Taras barked his obedience and stood next to Kalinka. Max rose stiffly.

“Max, no,” she protested. “I couldn’t take your dog.”

“He’s getting fat and lazy, staying here with me,” said Max. “Aren’t you, boy? You’d be doing him a kindness to take him with you, young lady. He’s a borzoi—a wolfhound. Wasn’t bred to be a pet, which is what he’s become. This is just what a dog like him needs. A proper steppe-sized adventure. Like something from a great novel by Gogol. He won’t get that if he stays here with an old man like me at Askaniya-Nova. He’s a good dog. You only have to tell him anything once, and I’ve told him now—to go with you, Kalinka—so there’s no going back on it and that’s an end to the matter.”

“God bless you, Max,” she said, and embraced him. “I shan’t ever forget you. Not if I live to be a hundred.”

Max kissed her forehead and then walked quickly toward his cottage. There was much to do before morning.

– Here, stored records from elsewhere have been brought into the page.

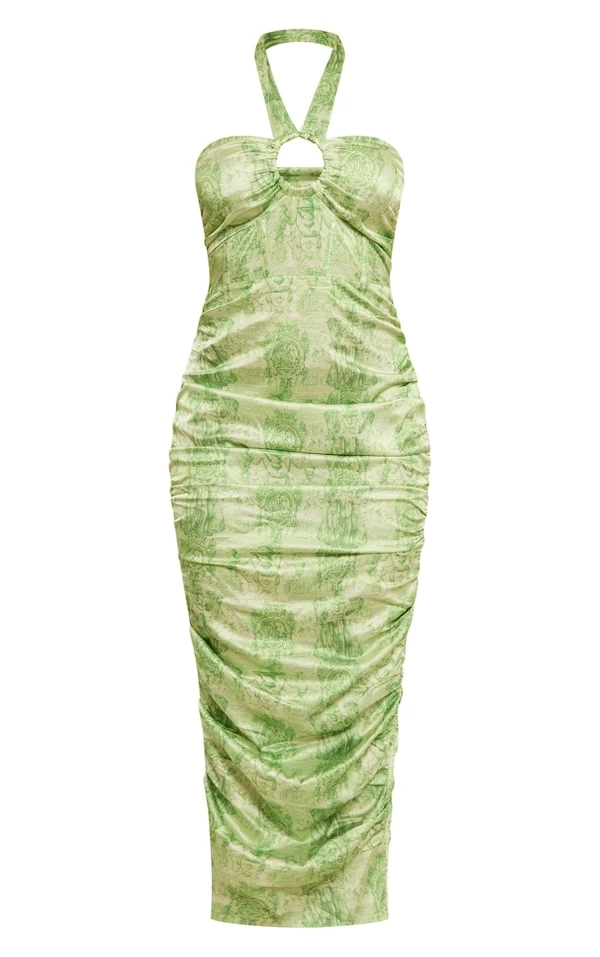 Robe mi-longue satinée vert citron imprimé renaissance à corset et anneau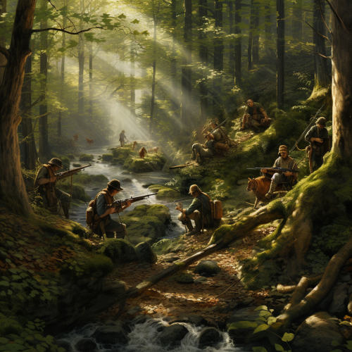 1970s dark fantasy medieval book illustration of a two leopard drug dealers in a medieval forest, the atmosphere is dark --ar 9:16 --style raw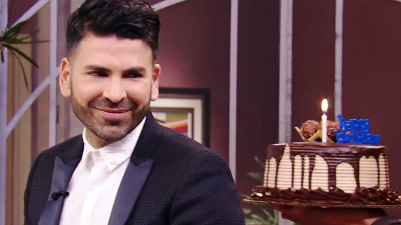 El presentador español cumplió 37 años y el panel de Sin Rollo le cantó el 'Happy Birthday' cuando Francisca Lachapel lo sorprendió con un pastel en pleno segmento.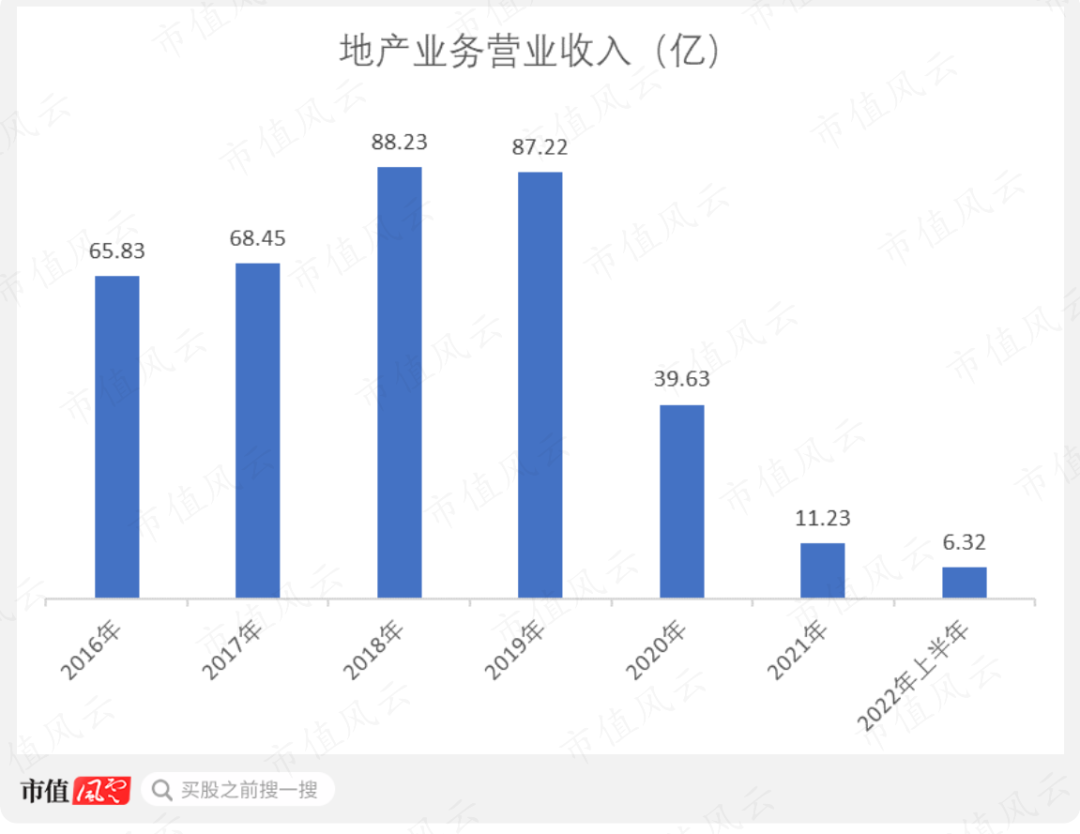 时间趋势上,地产业务营收在2018年达到峰值,88.23亿。而后在2020年起,战略方向改变,降至2022年上半年的6.32亿。

EVEN INSIDE HER BIG black Astrakhan coat, Kalinka felt bitterly cold; the wind was from the north and behind her. Temüjin and Börte, following in her footsteps, managed to screen the girl from the worst of the bora wind, but even so, the night was soon in her bones, as if she had fallen through a sheet of ice and into the dark water of a freezing lake. The tattered lining of her coat was made of red silk, and she found it almost funny that she could be swathed in red and yet still feel blue with cold.

“If we can keep up this pace until dawn,” said Kalinka, “then maybe we stand a chance. I know we’re leaving a trail in the snow that’s going to be very easy to follow, but there’s not much we can do about that. And if we hear motors coming after us, then you horses should run in opposite directions. Have you got that?”

From time to time, she brought out the little brass compass and took a bearing in the way that Max had shown her—just to make sure that they were headed in the right direction. The strange quartet made good progress, for the snow was only a few centimeters deep on the steppe and the ground was more or less flat. After a couple of hours, she guessed they’d walked at least ten kilometers.

The bread and cheese felt good in her pocket, and she decided to put off eating them for as long as possible; experience had taught Kalinka that she was never as hungry if she knew there was food she could eat than when she had no idea of where her next meal was coming from.

At first, Kalinka spoke to the dog and to the horses to try to keep up her spirits, but every time she said something, she saw her hot breath appear before her face in a little white cloud of steam, and she soon realized that talk was an easy way to lose body heat. And so, after a while, she said nothing at all. Besides, it was easier to hear things when you weren’t talking.

Not that hearing things was always a good thing.

Once, she heard what sounded like a lion roaring in the distance, and it was several heart-stopping moments before she managed to remember that there weren’t any lions in Ukraine and that what she could actually hear was the sound of a European bison bull bellowing his heart out. All the same, she was glad there wasn’t much light and that she couldn’t see the bison and that he couldn’t see her.